A sudden idea took hold. "I guess I am new here," he answered her with mocking deference. "You mean I shouldn't do… this?" With clumsy quickness, he sent his mind to the DHD and began to punch keys, hope soaring as they lit at the touch of his invisible fingers. Maybe she'd be too afraid of hurting the device to throw anything its way and stop him.
"You are new here," Siren whispered, deadly soft. She lashed out directly at John instead, the spears and knives of her mind raking across his fresh and unfinished consciousness with searing slashes.
John screamed, and the echo of his pain vibrated along the threads to his body on the ground…
Ronon and Teyla dropped Sheppard's body in a heap beneath the Stargate, then split smoothly again into the roles they habitually filled. Teyla hastily rechecked Sheppard's sopping and now-nearly useless bandages. Ronon stood protectively through the ring, watching for more flying dangers and leaning constantly into the wind that continued to prevent movement towards the DHD. He alone had finally noticed the flying boulder and its erratic disappearance. Had it not veered suddenly away, he'd been prepared to try to blast its bulk into smaller, and hopefully less dangerous, pieces.
McKay sat with his back against the ring itself, poking at his scanner. "This storm is no coincidence, something is going on up there and I'm betting Sheppard is right in the middle of it."
"We got a break we shouldn't have," Ronon growled in agreement, thinking of the boulder.
Just as he finished the thought, the chevrons on the Stargate came to life of their own accord. First one, then another of the glowing coordinates locked into place, cheerful lights chasing around the otherwise dark metal. The team all turned towards the 'gate, startled, then Rodney let out a cheer.
"Yes! It's definitely Sheppard! Sheesh, how is he doing that and still hanging around in his body too? Ronon, get over here and…"
Sheppard's utterly still and seemingly lifeless body suddenly seized into rigid shudders, his back and thighs quivering as they arched off the ground.
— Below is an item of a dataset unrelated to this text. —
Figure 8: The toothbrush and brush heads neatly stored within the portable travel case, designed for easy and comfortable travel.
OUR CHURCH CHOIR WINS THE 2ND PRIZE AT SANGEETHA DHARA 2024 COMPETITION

Teyla and McKay leaped to prevent the tremors from damaging the body further. Teyla crooned a ragged litany of reassurances.
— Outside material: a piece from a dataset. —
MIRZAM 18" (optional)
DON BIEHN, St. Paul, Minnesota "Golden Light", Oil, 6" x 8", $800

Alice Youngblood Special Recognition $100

The seizure and tremors ceased as abruptly as they started, returning him to lifeless flaccidity once again. McKay sat back cautiously, panting from the exertion and terror of the alarming episode. Teyla remained leaning heavily over John, also breathing rapidly and desperately caressing his shoulder. When she finally lifted her head, she met McKay's eyes.
"I guess, maybe, he wasn't supposed to do that." Rodney hypothesized uncomfortably, waving his hand over his head at the now quiet Stargate.